Nein, es geht um alle Waren, die man im Ausland bestellen kann, zum Beispiel auch gefährliches Spielzeug. Uns sind häufig die Hände gebunden. Den Herstellern in der Schweiz machen wir hohe Auflagen an die Sicherheit, die Produkte werden dadurch teurer. Sie haben dadurch einen Wettbewerbsnachteil. Zudem ist es schwierig, bei Verstössen Sanktionen gegenüber Firmen im Ausland auszusprechen. Selbst wenn man sie sperrt, braucht es nur einige Mausklicks, und sie sind mit neuem Namen und neuer Homepage zurück. Wir müssten viel stärker über die Kantonsgrenzen hinaus und auch mit Europa zusammenarbeiten. Da sind wir erst am Anfang. Zu sagen ist auch, dass es uns verboten ist, verdeckte Kontrollen durchzuführen. Wenn wir im Internet etwas bestellen wollen, müssen wir offiziell als Kontrollbehörde auftreten. Das Gesetz schreibt uns das vor. Folge ist, dass wir dann gar keine Lieferungen bekommen – oder nur solche, die garantiert einwandfrei sind.
Gibt es Länder, die besonders grosse Probleme machen? China?
Das kann man so nicht sagen. Es ist die Internationalisierung insgesamt. Denken Sie an das berühmte Beispiel mit der Pferdefleisch-Lasagne: Es wurden dafür Produkte aus verschiedensten Ländern aus der halben Welt verarbeitet, die für die Herstellung über mehrere Länder verschoben wurden. Am Schluss wird alles unübersichtlich. Das ist fast nicht mehr zu kontrollieren.
Und bei der Kontrolle in der fliegt ein Beschiss nicht sofort auf?
Wir machen zwar Screenings, doch in der Regel finden wir nur, wonach wir auch suchen. Mit Arsenspuren im Reis oder viel zu hohen Schwermetallkonzentrationen in Schwertfischfleisch rechnet man nicht unbedingt, aber so etwas kann vorkommen. Nochmals wechseln wir das Revier und sprechen über das Veterinärwesen. Der Bereich kam nachträglich hinzu. Der Chemiker musste sich mit einem ziemlich emotionalen Thema befassen – den Hunden. Als Folge einer tödlichen Kampfhundeattacke auf ein Kind war eine Liste mit potenziell gefährlichen Hunden erstellt worden und alle Halter mussten obligatorisch in einen Kurs (was mittlerweile wieder abgeschafft wurde). Man müsste mit Wenk darüber ein separates grosses Interview führen. Wir beschränken uns auf eine Aussage, über die wir herzlich gelacht haben: «Die Sichtweisen gehen weit auseinander. Bei der Hundehaltung wäre alles einfach, wenn immer so ganz klar wäre, wer eigentlich der Hund und wer der Herr ist...» Beim Thema Tierschutz wird er dann aber sofort wieder ernst:
Was sieht man da alles?
Zum Teil Himmeltrauriges. Wir mussten auch Notschlachtungen anordnen, da Tiere in einem so schlechten Zustand waren. Oder ganze Tierbestände den Besitzern wegnehmen und auf andere Betriebe verteilen.

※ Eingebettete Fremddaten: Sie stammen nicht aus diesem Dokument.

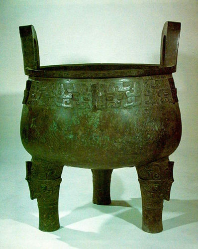 大盂鼎,又称廿三祀盂鼎。通高1021mm;口径784mm;腹深490mm;重153.5kg,现藏于中国国家博物馆。其形制为:立耳;深垂腹,腹上部饰曲折角兽面纹;足上部饰外卷角兽面纹、出脊,足下部略呈蹄形。鼎内铸有铭文19行,共291字。铭文分为两个部分,分别记载了周康王对贵族盂的训诰和赏赐。真实地反映了当时的社会状况,具有极高的史料价值。
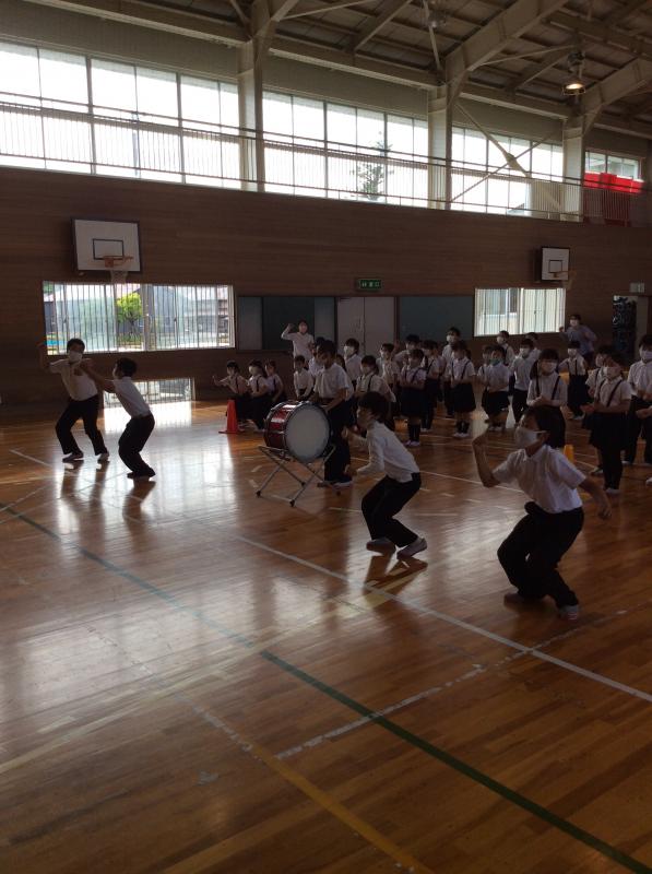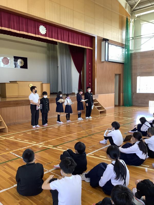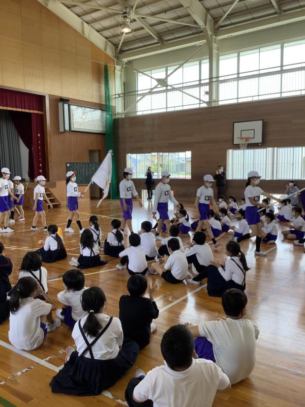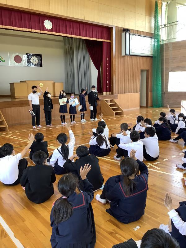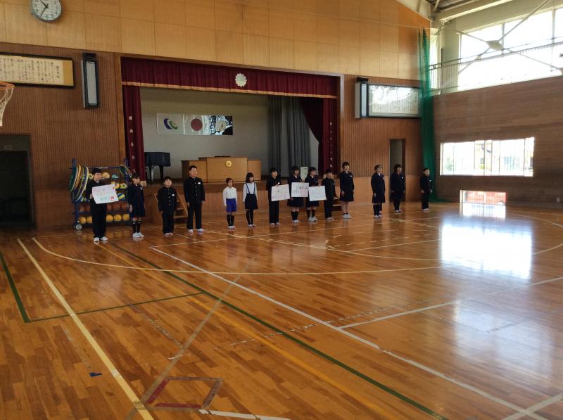 今日は連合運動会の壮行会がありました。ビデオメッセージや応援歌、応援旗の贈呈などがありました。

Überforderung oder böser Wille der Tierhalter?
Meistens Überforderung, häufig auch Unwissen, vor allem bei Hobbytierhaltern. Da werden exotische Tiere, die in der Natur in Gruppen leben, als Einzelgänger gehalten. Oder kürzlich mussten wir einen Papagei retten, der mit Kopf und Schwanz am viel zu kleinen Käfig anstiess. Beim Tierschutz gehen die Ansichten zwischen Besitzer und unserem Amt manchmal weit auseinander. Das hat auch schon zu Anfeindungen in der Öffentlichkeit geführt, aber das muss man aushalten können. Manchmal bedaure ich, dass es uns verboten ist, Fotos von schlecht gehaltenen Tieren in der Presse zu veröffentlichen. Dann wäre jedem klar, dass wir nicht übertreiben.
Es kam, wie es kommen musste: Wir haben entgegen aller Vorsätze eine halbe Ewigkeit geredet und finden nur für einen Bruchteil Platz. Danke für den Ein- und Rückblick, Herr Wenk.